**Data for the task**
####################
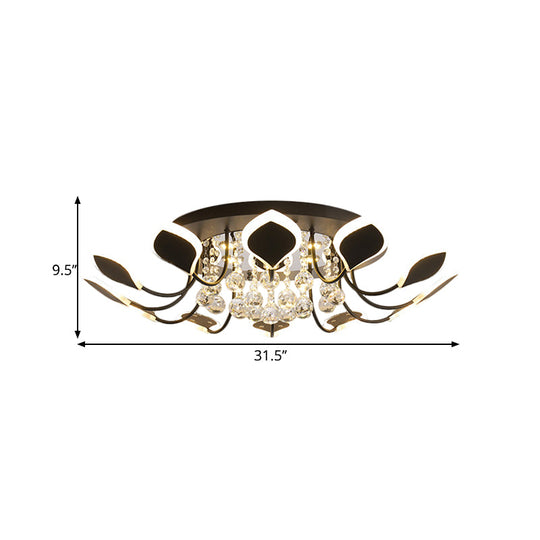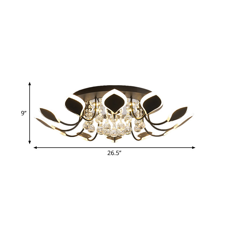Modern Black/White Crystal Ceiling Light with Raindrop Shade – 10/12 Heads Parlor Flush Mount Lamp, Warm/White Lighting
####################
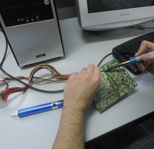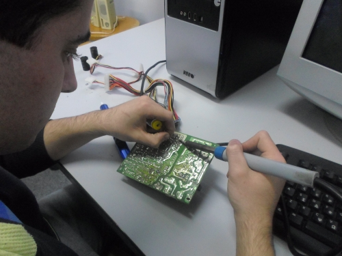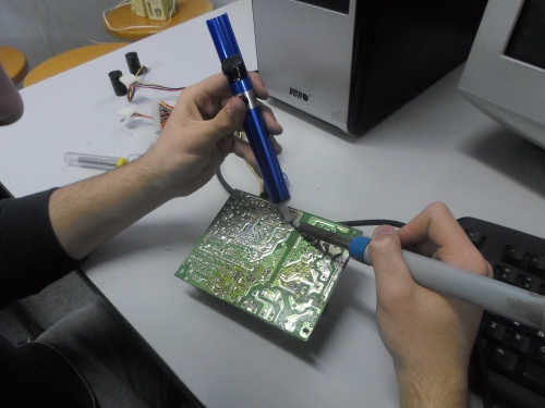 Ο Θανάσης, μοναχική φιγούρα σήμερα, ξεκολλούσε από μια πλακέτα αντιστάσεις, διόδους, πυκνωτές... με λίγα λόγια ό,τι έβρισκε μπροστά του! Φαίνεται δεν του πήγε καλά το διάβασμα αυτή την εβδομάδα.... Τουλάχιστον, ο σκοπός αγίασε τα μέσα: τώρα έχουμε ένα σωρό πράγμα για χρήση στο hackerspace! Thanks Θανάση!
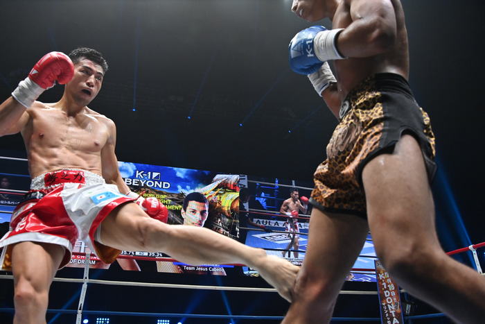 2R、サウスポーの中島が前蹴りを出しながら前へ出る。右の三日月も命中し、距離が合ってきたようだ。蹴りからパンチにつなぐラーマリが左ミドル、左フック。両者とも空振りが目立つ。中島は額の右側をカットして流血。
####################
**Exercise description**
Given the entries above, transcribe exactly the lines from the one holding "Ο Θανάσης, μοναχική" through the one holding "2R、サウスポーの中島が前蹴"; pictures do not belong in the transcription.

**Written answer**
 Ο Θανάσης, μοναχική φιγούρα σήμερα, ξεκολλούσε από μια πλακέτα αντιστάσεις, διόδους, πυκνωτές... με λίγα λόγια ό,τι έβρισκε μπροστά του! Φαίνεται δεν του πήγε καλά το διάβασμα αυτή την εβδομάδα.... Τουλάχιστον, ο σκοπός αγίασε τα μέσα: τώρα έχουμε ένα σωρό πράγμα για χρήση στο hackerspace! Thanks Θανάση!
 2R、サウスポーの中島が前蹴りを出しながら前へ出る。右の三日月も命中し、距離が合ってきたようだ。蹴りからパンチにつなぐラーマリが左ミドル、左フック。両者とも空振りが目立つ。中島は額の右側をカットして流血。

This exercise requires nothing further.